Brazil

SOS Children’s Villages began working in Brazil in 1967 when the first Village was opened at Porto Alegre in the south of the country. Since then, fourteen more SOS Children’s Villages have been built, the latest being at Igarussu in the north-east of Brazil which opened in 2007. Altogether SOS Children in Brazil cares directly for over 1,700 children in 180 family homes … more about our charity work in Brazil

Families head home after Brazil floods, but 267,000 homeless

May 13, 2009 01:00 PM

Tens of thousands of people in north-eastern Brazil have begun returning home, after devastating floods that left 267,000 homeless.Yesterday, the floods, in north eastern Brazil were starting to ease, but water kept on rising in the Amazonas state. Army helicopters, trucks and boats were used to ferry food and drinking water to victims in communities isolated by muddy lakes. Crowds of flood victims gathered around helicopters dropping off aid in the hard-hit state of Maranhao, and Globo TV showed images of people living on the roofs of homes inundated with water because they feared looters would strike if they headed to shelters. Officials say the death toll dropped from 42 to 39, because some deaths were not flood-related.
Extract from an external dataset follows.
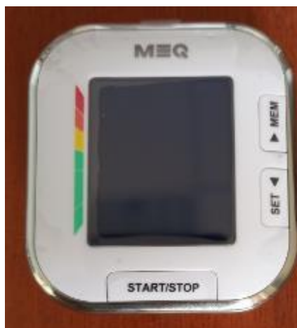
Модификация V2 Comfort

Some 274,000 people have fled their homes, according to latest figures from Associated Press news agency. The number of homeless fell from 300,000 to 267,000 as residents headed home in some of the 11 states affected by the floods — an area three times the size of Alaska. But waters were still rising in some places and authorities warned that the situation remained a threat because the weather forecast calls for more downpours.

The fear now is that diseases could start to spread. The flooding has washed bodies out of the local cemetery and many animals have been killed, the BBC reported. Despite this, some local people have been drinking the water are refusing to leave their homes, partly because of the fear of looting. Concern is also growing over the possibility that the flooding could spread further inland to cities like Manaus, as the waters of Rio Negro, which feeds the Amazon, have been rising rapidly in recent days. The unusually heavy rains have hit many regions used to downpours but also the arid north east of Brazil.

Among the worst-hit areas is Maranhao, where 65,000 people have had to leave their homes. The town of Trizidela do Vale is said to be almost completely flooded. Meteorologists have blamed the rainfall that led to the floods on an Atlantic Ocean weather system that usually moves on in March but didn't budge this year.Water was still rising yesterday in sprawling Amazonas state, and low-lying parts of the jungle city of Manaus were flooding as the mighty Rio Negro river that feeds the Amazon approached a record set in 1953, said Jose Melo, in charge of the state's flood emergency efforts. Across the north and north-east, some one million people are said to have been affected by the floods. President Luiz Inacio Lula da Silva said the floods and drought in two southern states signalled climate change. "Brazil is feeling climate changes that are happening in the world, when there is severe drought in areas that don't have drought, when it rains too much in places where it doesn't rain," President Lula said in his weekly radio address earlier this week.